The [MEMORIES] layer is where past knowledge gets injected. The pipeline queries Spirit (semantic memory), fires memory neurons, and pulls crystallized conversation summaries — all in parallel, all with a token budget.

When the assembled context exceeds the token budget, a ContextSpillover mechanism kicks in. It doesn't throw content away. It pushes evicted content down to Tier 1 and Tier 2, tagged with its source label and tenant scope. The LLM sees a note like [...memories: 72% kept, 340 tokens spilled to memory] so it knows context was compressed, not lost.

Tier 1: Session Cache (KernelContextBus)

In-process, instant recall. The KernelContextBus holds spillover content from the current and recent sessions. When Tier 0 needs to recall something it evicted earlier, recall_for_query() searches these session buckets with semantic matching.

This tier lives as long as the process runs.
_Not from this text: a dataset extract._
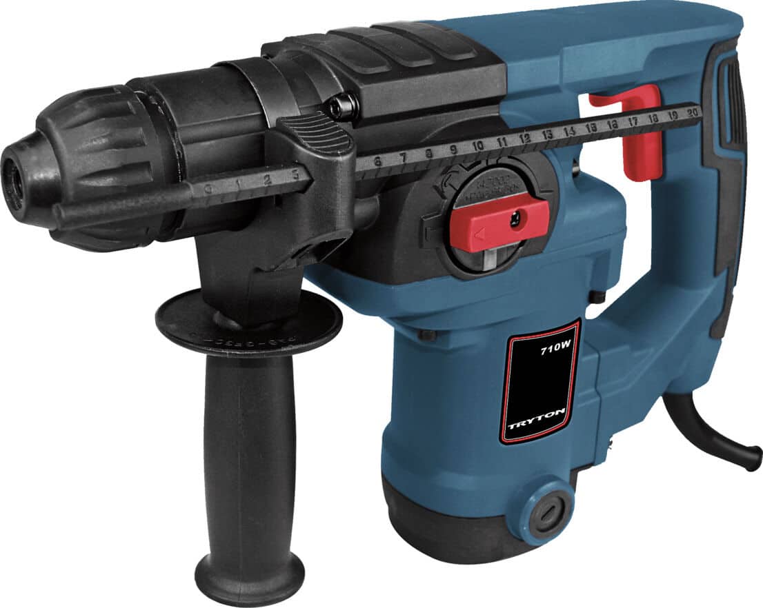 TMM710K Młotowiertarka 710W, SDS-plus, 4 funkcje, TrytonCechy:Doskonała ergonomiaPyłoszczelne łożyska toczneUtwardzana przekładnia i mechanizm udarowyWiercenie udaroweWiercenie bez udaruPodkuwanieWyposażenie:3 wiertła2 dłutarękojeść bocznaogranicznik głębokościkufer transportowyDane techniczne:moc 710 Wuchwyt sds-plusprędkość obrotowa 0-930 obr./min.energia udaru 2.6 Jczęstotliwość udaru 0-5000 1/min.maks. średnica wiercenia w betonie 26 mmmaks. średnica wiercenia w stali 13 mmmaks. średnica wiercenia w drewnie 40 mm

It's the L1 cache of the memory system.

Tier 2: Conversation Store (disk-backed JSON)

Every conversation is persisted to disk as a JSON file:

data/conversations/{tenant_slug}/{session_id}.json

The store has three key behaviors:

Crystallization: After 20 turns, the store triggers an LLM summarization pass. Older messages get compressed into a crystallized_summary (max 800 tokens). The 10 most recent messages are kept verbatim. This means a 200-turn conversation still fits in a 4K token context window.

Auto-archive: Conversations older than 30 days are moved to an archive directory. They're not deleted — they're still searchable via the knowledge graph.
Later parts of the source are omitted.